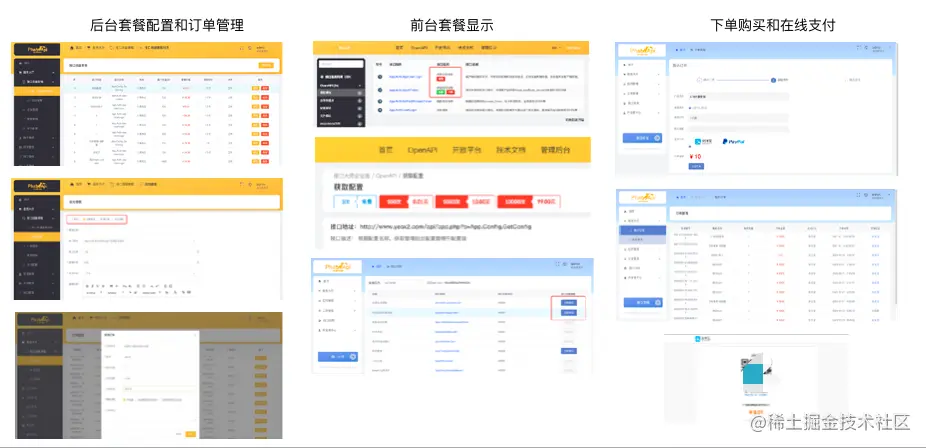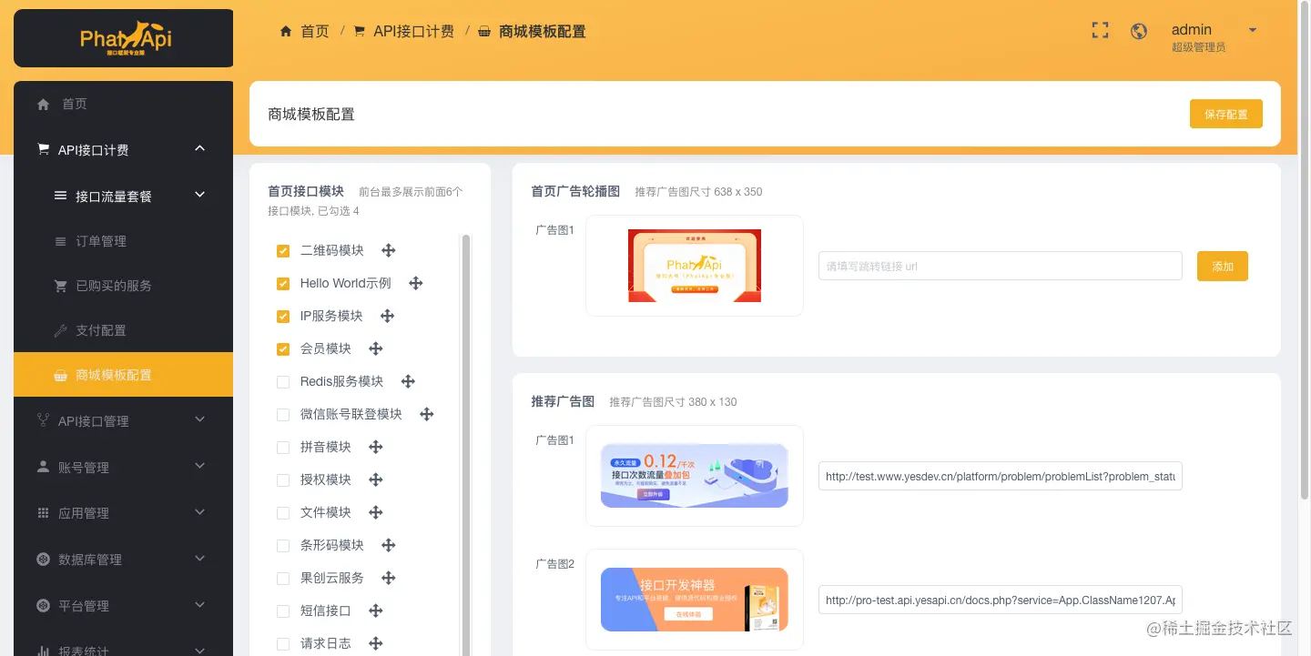 管理端:商城后台配置、接口套餐配置、支付配置、接口图标配置等。
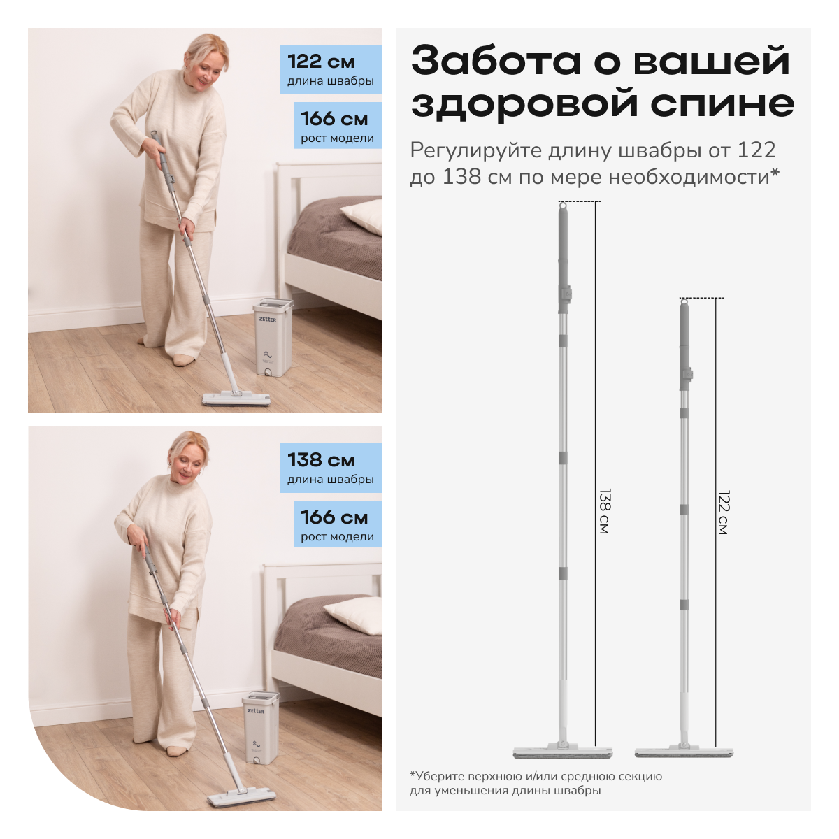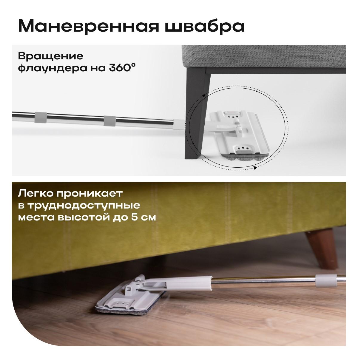 • Регулируемая телескопическая ручка позволяет подстроить длину швабры под рост пользователя, обеспечивая удобство использования.
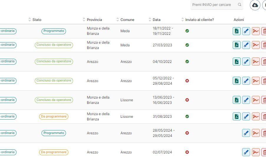 Di seguito una schermata illustrativa della visualizzazione di un elenco di tutti gli interventi, colonna “Inviato al cliente?”.
——
Take the data above and set it down exactly, images excluded.

Exercise answer:
 管理端:商城后台配置、接口套餐配置、支付配置、接口图标配置等。
 • Регулируемая телескопическая ручка позволяет подстроить длину швабры под рост пользователя, обеспечивая удобство использования.
 Di seguito una schermata illustrativa della visualizzazione di un elenco di tutti gli interventi, colonna “Inviato al cliente?”.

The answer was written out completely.